To download data from Orbis, please follow the steps explained in this video. Please note, that Lasse recorded this video in 2020, and some filters have changed since then. This means that while you are able to reproduce the same filter choices, you will get different results.
For this exercise class, I have created a different data set than what you see in the video. Specifically, I have applied the following filters which you can see in the image below.
The data set that you can download here contains information about all public limited Companies in Copenhagen. You can download it by pressing the button below.
Download Orbis dataIf you follow the video above and add columns that include information about the shareholders, their titles, and their unique identification number, you can use the function clean_orbis()
which I have created to make your lives a little easier. The function cleans the column names, certain data entries and classes and returns structure that is similar to the den17
data set.
df <- clean_orbis(path = "input/public_companies_cph.xlsx")
## New names:
## • `` -> `...1`
glimpse(df)
## Rows: 31,444
## Columns: 8
## $ name <chr> "Mr Ane Maersk Mc-Kinney Uggla", "Mr Lars Erik Brenoe", "M…
## $ affiliation <chr> "A.P. MOLLER HOLDING A/S", "A.P. MOLLER HOLDING A/S", "A.P…
## $ title <chr> "Chairman (Board of Directors)", "Director (Board of Direc…
## $ id <chr> "P043421359", "P041964972", "P645698736", "P041410476", "P…
## $ sector <chr> "6499", "6499", "6499", "6499", "6499", "6499", "6499", "6…
## $ revenue <dbl> 62187559, 62187559, 62187559, 62187559, 62187559, 62187559…
## $ n_employees <dbl> 93076, 93076, 93076, 93076, 93076, 93076, 93076, 93076, 93…
## $ gender <chr> "male", "male", "female", "male", "male", "male", "male", …
If you add other columns than specified in the video above, the function clean_orbis()
might produce errors. The clean_orbis()
function enables you to use all remaining functions, such as creating an incidence matrix and a graph object, just like with the data set den17
. There is no need to rename columns.
Please note, that Orbis data is “real data” in the sense that it is not completely clean. Depending on your data set, you have to undertake further cleaning operations. Some of those can be seen in the r-script that can be found below under materials.

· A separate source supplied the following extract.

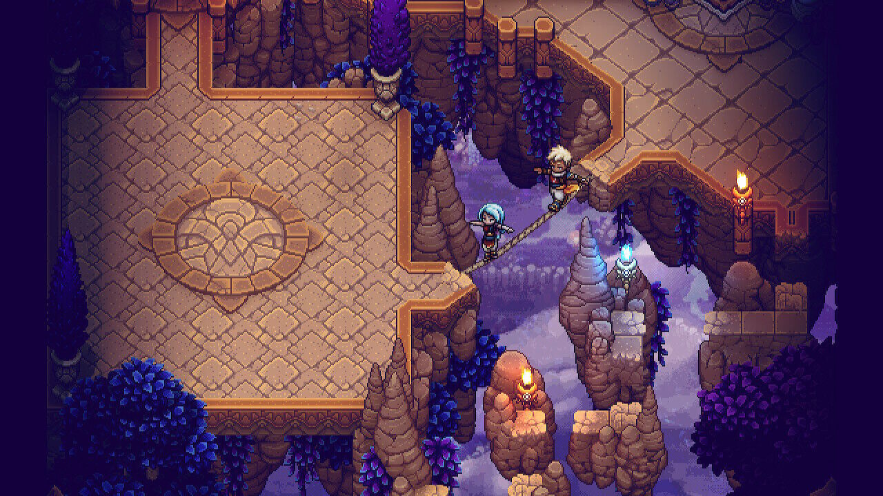 Por suerte, Sea of Stars no es solo divertido a la hora de pelear, ya que también consigue hacer de la exploración y el mazmorreo una experiencia muy gratificante. Si bien el avance por los escenarios suele ser bastante lineal, sus desarrolladores han sabido crear unos entornos muy dinámicos y con cierta verticalidad que nos harán interactuar constantemente con un buen número de elementos distintos, ya sea para escalar por paredes, hacer equilibrio sobre lugares estrechos, subir desniveles o lanzarnos desde cierta altura. Todo esto consigue que, de entrada, las mazmorras no transmitan la sensación de ser una simple sucesión de pasillos con monstruos, animándonos a estar pendientes a nuestro alrededor tanto para avanzar como para encontrar secretos que suelen estar escondidos de formas muy ingeniosas usando la perspectiva de la cámara.

3.3 Loading and visualizing a two-mode network #
After we have found a suitable subset of our data, we are ready to load a graph object. Since both den17
and Orbis data have two columns (name and affiliation) which are used as input variables for our graph object, we always load data by first creating an incidence
matrix.
There are also different ways of loading graph objects, such as through the igraph
functions graph_from_data_frame()
or graph_from_edgelist()
. However, I only recommend to use these functions if you are dealing with an edge list or data frame that shows connections between entities of the same unit (one-mode edge lists). If the raw data contains a two-mode edge list (as in den17
or in Orbis), it is better to load graph objects through an incidence or adjacency matrix.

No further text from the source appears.